The criteria of validity of a conventional liquidated damage clause is also used when, as in the instant case, the clause requires a party to put up a deposit to be forfeited by way of liquidated damages in the event of breach. Underwood v. Sterner, 63 Wn.2d 360, 387 P.2d 366 (1963); Restatement of Contracts § 340 (1932); C. McCormick, Damages § 153 (1935). Liquidated damage clauses, however, are to be distinguished from other clauses which limit the contractor’s risk. The validity of the latter clauses is not determined by the criteria of validity applicable to liquidated damage clauses. See 5 A. Corbin, Contracts § 1068 (1964).

The appeal record here, based as it is on a partial statement of facts, may raise a question whether damages alleged were treated below as prima facie established. Defendants’ motion for summary judgment is not in the appeal record, possibly, as plaintiff claims, because defendants made no formal motion for summary judgment. The court, without objection by plaintiff, treated the proceedings before it as involving such a motion, suggesting at one point that the motion was either one for judgment on the pleadings or for summary judgment. CR 12(c); CR 56. The arguments in the briefs appear to assume the damages alleged were incurred, defendants contending, however, the general damages claimed were not material facts because the liquidated damage clause governs as a matter of law. In any event, there is no undisputed showing plaintiff did not incur the damages she alleges so as to discharge the moving party’s burden “of establishing the absence of any genuine issue of material fact.” Hodgins v. State, 9 Wn. App. 486, 513 P.2d 304 (1973). If, however, the existence of the damages claimed is disputed, particularly the $1,250 item, there is a factual issue to be resolved by evidence. Plaintiff has the right to present evidence that the sum of $200 is an unreasonably low forecast of just compensation. Defendants have the right to show to the contrary. With the case in this posture, the remedy of summary judgment is unavailable. Fleming v. Smith, 64 Wn.2d 181, 390 P.2d 990 (1964); Peoples Mtg. Co. v. Vista View Bldrs., 6 Wn. App. 744, 496 P.2d 354 (1972).

Reversed.

Callow, J., concurs.

Williams, J.

(dissenting) — The Supreme Court, construing an identical clause in Underwood v. Sterner, 63 Wn.2d 360, 366, 387 P.2d 366 (1963), stated:

the policy of the courts of this state is to uphold provisions for liquidated damages, unless it is shown that they are, in effect, a penalty.

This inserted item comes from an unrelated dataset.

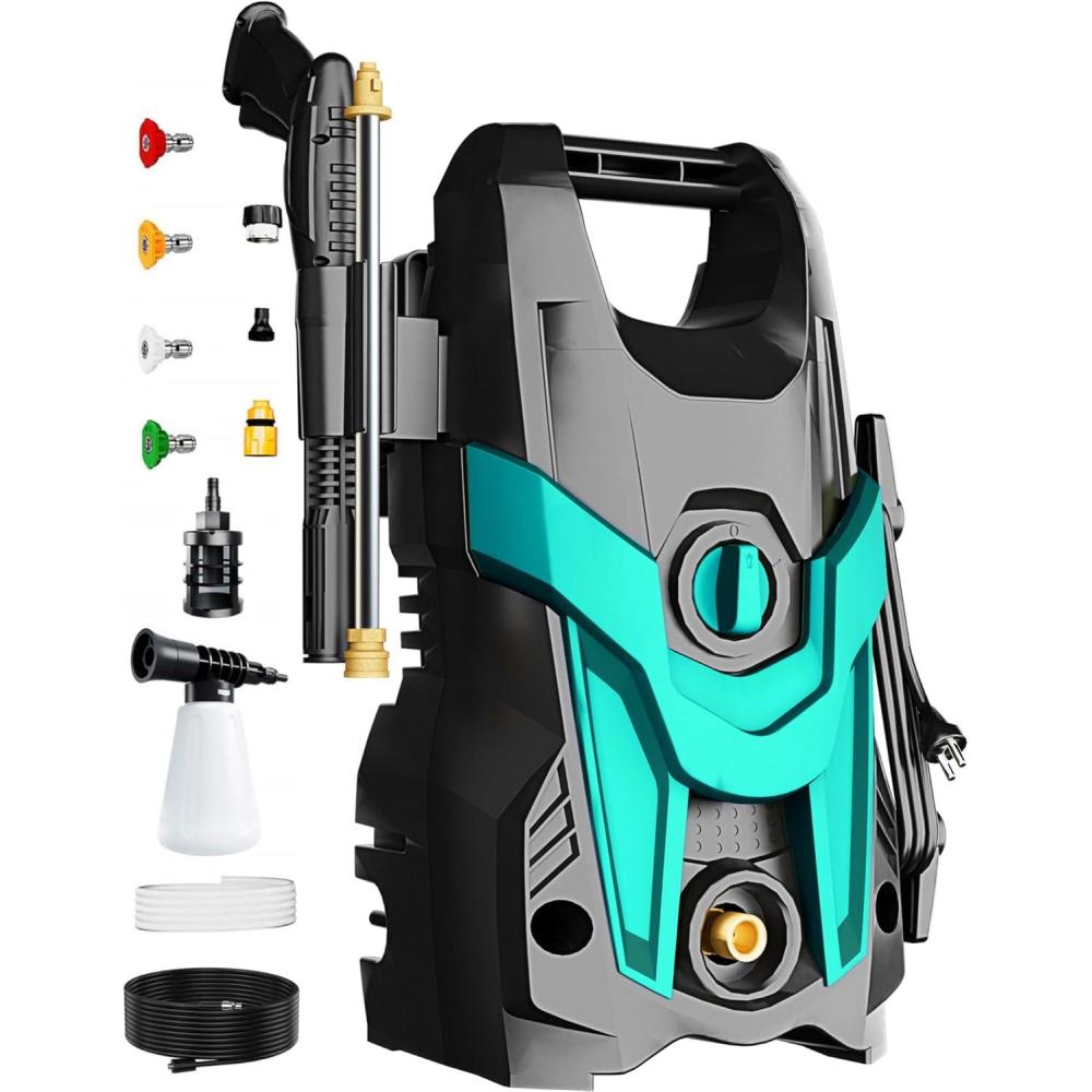 【SAVING WATER & SAFETY】The Electric Pressure Washer using high-pressure water flow to clean up the dirt, is currently recognized as the world's most scientific, economical and environmentally friendly cleaning methods.While conserving water resources, it can also save you time and effort

The test of whether the amount to be forfeited in the event of a breach is liquidated damages or a penalty is to be made with reference to the party against whom the damages are assessed. In this case, if the amount to be forfeited in the event of a breach by the buyer is exorbitant, it is a penalty and unlawful; if the amount to be forfeited by the buyer is relatively small, however, it is not a penalty and it is lawful for the parties so to agree. The following rules apply:

If a provision is held to be a genuine liquidation of damages and not for a penalty or forfeiture, it is enforceable according to its terms like any other valid contract promise or provision. It makes definite and certain the amount to be paid or retained. The injured party can get judgment for the specific amount promised, no more and no less. The function of the court and jury in estimating injury has been superseded. Evidence as to the existence and extent of injury may be admissible to aid the court in determining the character of the contract provision; but it is no longer relevant after the court has determined that the provision is a true liquidation and does not specify a penalty.

5 A. Corbin, Contracts § 1061 (1964).

Public policy may forbid the enforcement of penalties against a defendant; but it does not forbid the enforcement of a limitation in his favor.

5 A. Corbin, Contracts § 1068, at 386 (1964).

In other words, the contracting parties may limit the amount of damages for breach of contract, but they may not legally agree to the forfeiture of an amount so unreasonably large that it is, in fact, a penalty. The amount of damages which Mrs. Mahoney was entitled to recover is therefore fixed at $200.

I would affirm.

Petition for rehearing denied June 12, 1974.

Appealed to Supreme Court June 17, 1974.